= Beginning of Section =

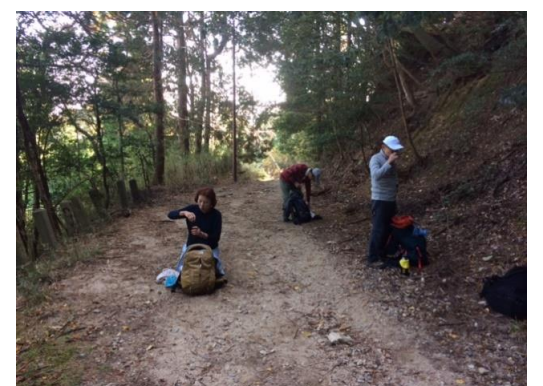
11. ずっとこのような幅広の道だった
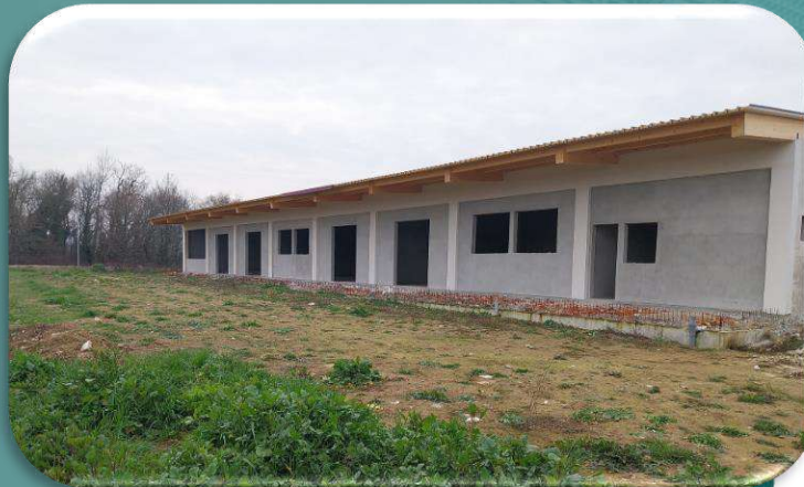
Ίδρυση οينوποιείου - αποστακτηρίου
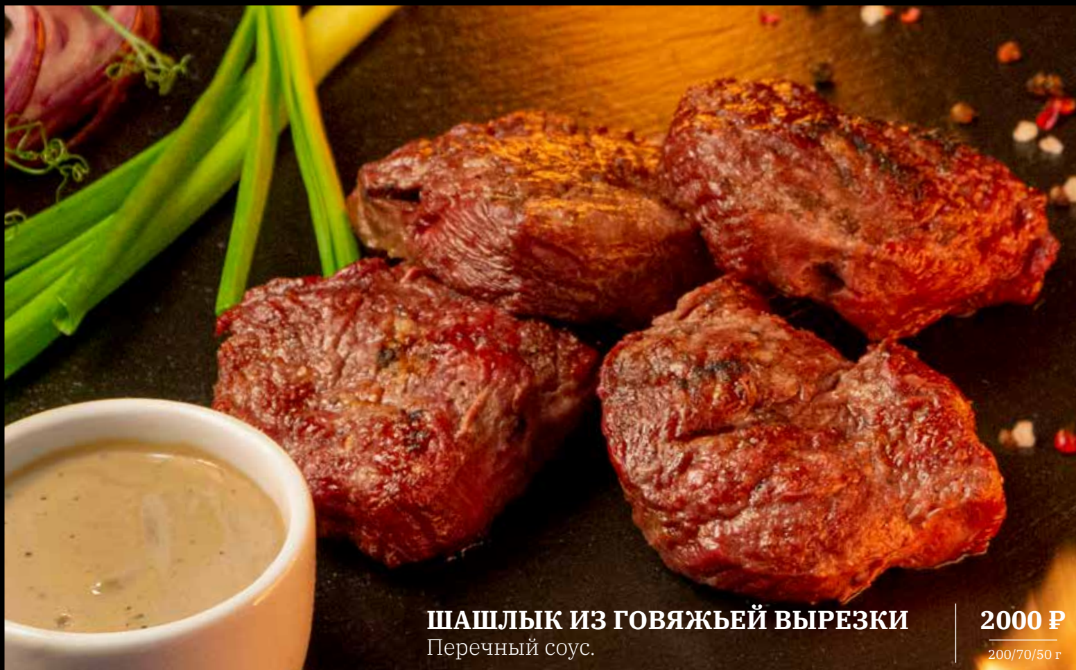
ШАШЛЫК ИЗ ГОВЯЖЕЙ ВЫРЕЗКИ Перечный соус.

= End of Section =
= Beginning of Section =

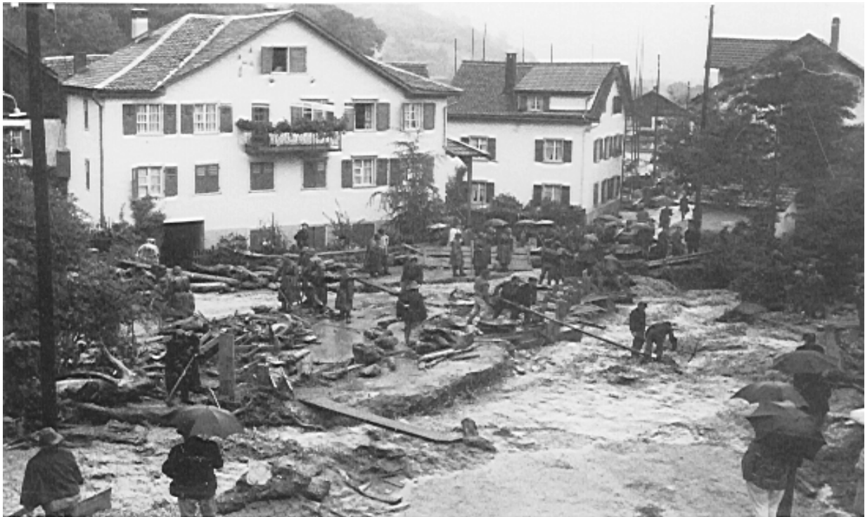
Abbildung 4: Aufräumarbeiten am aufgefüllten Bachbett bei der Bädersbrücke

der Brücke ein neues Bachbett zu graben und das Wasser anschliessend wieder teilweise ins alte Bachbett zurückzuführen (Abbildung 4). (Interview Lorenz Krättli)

= End of Section =

→ **Work item**
Every line that holds the word "Bachbett" should be copied from the records.

→ **Solution for this problem**
Abbildung 4: Aufräumarbeiten am aufgefüllten Bachbett bei der Bädersbrücke
der Brücke ein neues Bachbett zu graben und das Wasser anschliessend wieder teilweise ins alte Bachbett zurückzuführen (Abbildung 4). (Interview Lorenz Krättli)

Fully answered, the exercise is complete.